[Activity]
Look in the listing below for the line that has "宠誉美毛健肤全价全期无谷猫粮美毛呵护被毛修复成猫幼猫H33主粮", then return it and each following line up to and including the one with "24235 Big Love", exactly and without pictures.
*** Data Section Begins ***
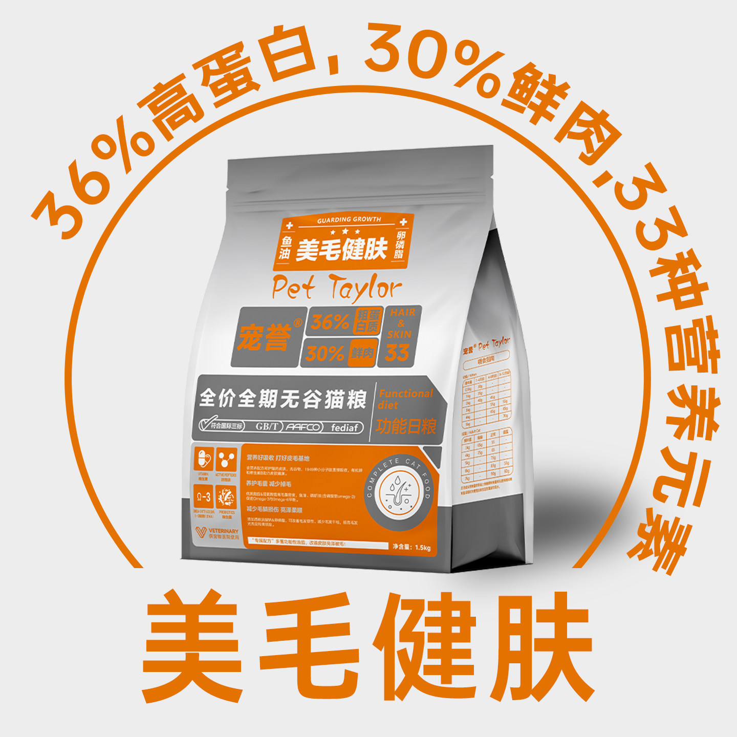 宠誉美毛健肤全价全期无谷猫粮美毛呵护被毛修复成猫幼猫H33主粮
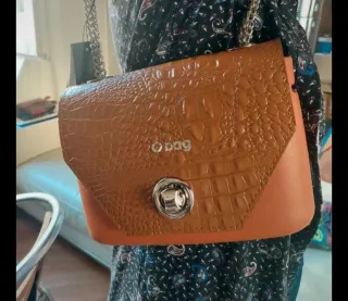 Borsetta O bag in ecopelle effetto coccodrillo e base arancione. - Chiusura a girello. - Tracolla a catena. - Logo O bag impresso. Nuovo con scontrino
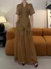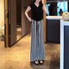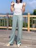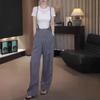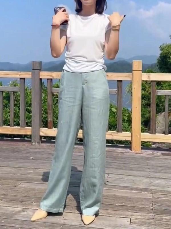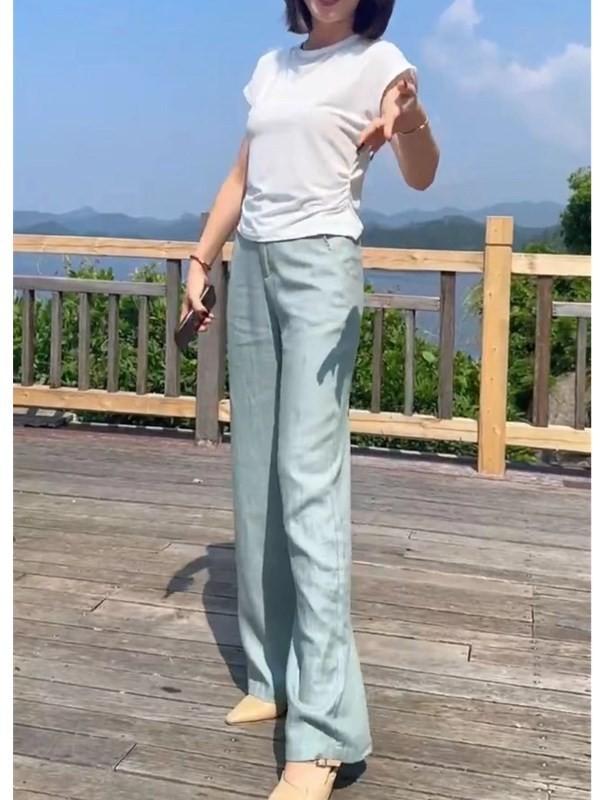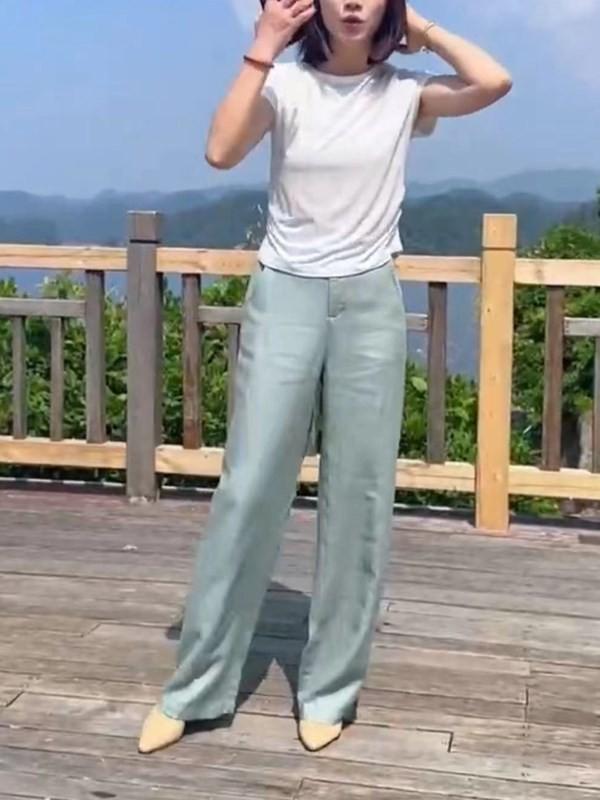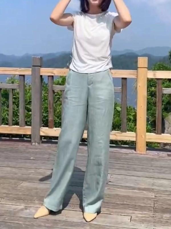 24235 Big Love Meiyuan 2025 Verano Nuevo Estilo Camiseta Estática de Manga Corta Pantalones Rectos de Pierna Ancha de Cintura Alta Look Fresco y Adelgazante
*** Data Section Ends ***
*** Data Section Begins ***
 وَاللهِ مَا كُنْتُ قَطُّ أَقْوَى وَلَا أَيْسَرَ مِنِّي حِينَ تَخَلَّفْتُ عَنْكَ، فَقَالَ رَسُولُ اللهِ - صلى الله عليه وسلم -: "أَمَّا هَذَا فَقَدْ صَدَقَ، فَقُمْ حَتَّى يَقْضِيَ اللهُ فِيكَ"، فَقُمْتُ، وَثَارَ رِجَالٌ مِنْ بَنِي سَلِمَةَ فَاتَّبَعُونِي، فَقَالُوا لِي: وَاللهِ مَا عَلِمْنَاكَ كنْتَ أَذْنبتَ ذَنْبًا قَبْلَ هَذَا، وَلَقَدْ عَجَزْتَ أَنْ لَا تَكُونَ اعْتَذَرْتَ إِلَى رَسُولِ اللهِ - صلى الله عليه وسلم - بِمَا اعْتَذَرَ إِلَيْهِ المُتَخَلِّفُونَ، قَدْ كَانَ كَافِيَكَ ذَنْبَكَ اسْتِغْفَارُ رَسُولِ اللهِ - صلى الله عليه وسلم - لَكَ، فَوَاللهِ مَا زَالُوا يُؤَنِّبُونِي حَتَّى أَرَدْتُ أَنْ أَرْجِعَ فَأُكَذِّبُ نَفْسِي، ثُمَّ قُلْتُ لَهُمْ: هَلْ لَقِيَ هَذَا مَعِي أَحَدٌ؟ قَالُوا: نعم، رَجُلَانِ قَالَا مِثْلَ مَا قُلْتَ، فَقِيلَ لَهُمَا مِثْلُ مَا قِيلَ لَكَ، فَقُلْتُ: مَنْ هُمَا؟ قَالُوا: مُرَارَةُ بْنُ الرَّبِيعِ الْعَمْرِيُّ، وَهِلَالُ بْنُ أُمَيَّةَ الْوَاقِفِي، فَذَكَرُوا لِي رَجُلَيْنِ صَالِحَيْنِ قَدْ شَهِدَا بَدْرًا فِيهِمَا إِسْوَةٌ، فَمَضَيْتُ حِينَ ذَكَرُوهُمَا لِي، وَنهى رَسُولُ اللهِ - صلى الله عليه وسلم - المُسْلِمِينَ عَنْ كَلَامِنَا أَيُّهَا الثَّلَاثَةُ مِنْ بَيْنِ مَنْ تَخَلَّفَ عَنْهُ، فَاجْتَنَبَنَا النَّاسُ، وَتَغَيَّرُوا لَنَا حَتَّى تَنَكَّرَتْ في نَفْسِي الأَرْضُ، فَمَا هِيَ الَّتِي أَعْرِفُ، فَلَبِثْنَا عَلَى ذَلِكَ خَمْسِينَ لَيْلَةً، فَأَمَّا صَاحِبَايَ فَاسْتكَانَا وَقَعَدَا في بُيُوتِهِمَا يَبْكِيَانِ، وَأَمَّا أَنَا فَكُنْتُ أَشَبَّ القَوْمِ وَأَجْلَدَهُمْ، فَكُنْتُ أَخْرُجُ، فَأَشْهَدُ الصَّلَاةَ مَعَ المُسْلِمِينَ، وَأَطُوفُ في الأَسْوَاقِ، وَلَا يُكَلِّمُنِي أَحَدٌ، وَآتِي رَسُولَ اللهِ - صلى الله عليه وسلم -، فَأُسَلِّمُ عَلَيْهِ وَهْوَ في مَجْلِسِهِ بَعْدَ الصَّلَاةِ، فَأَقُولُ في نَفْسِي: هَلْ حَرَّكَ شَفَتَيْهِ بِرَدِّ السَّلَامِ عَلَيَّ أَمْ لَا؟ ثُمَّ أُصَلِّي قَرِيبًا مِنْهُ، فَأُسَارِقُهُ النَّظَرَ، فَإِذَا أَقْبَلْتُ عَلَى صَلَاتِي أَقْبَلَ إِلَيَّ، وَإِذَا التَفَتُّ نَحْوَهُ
*** Data Section Ends ***
[Response below]
 宠誉美毛健肤全价全期无谷猫粮美毛呵护被毛修复成猫幼猫H33主粮
 Borsetta O bag in ecopelle effetto coccodrillo e base arancione. - Chiusura a girello. - Tracolla a catena. - Logo O bag impresso. Nuovo con scontrino
 24235 Big Love Meiyuan 2025 Verano Nuevo Estilo Camiseta Estática de Manga Corta Pantalones Rectos de Pierna Ancha de Cintura Alta Look Fresco y Adelgazante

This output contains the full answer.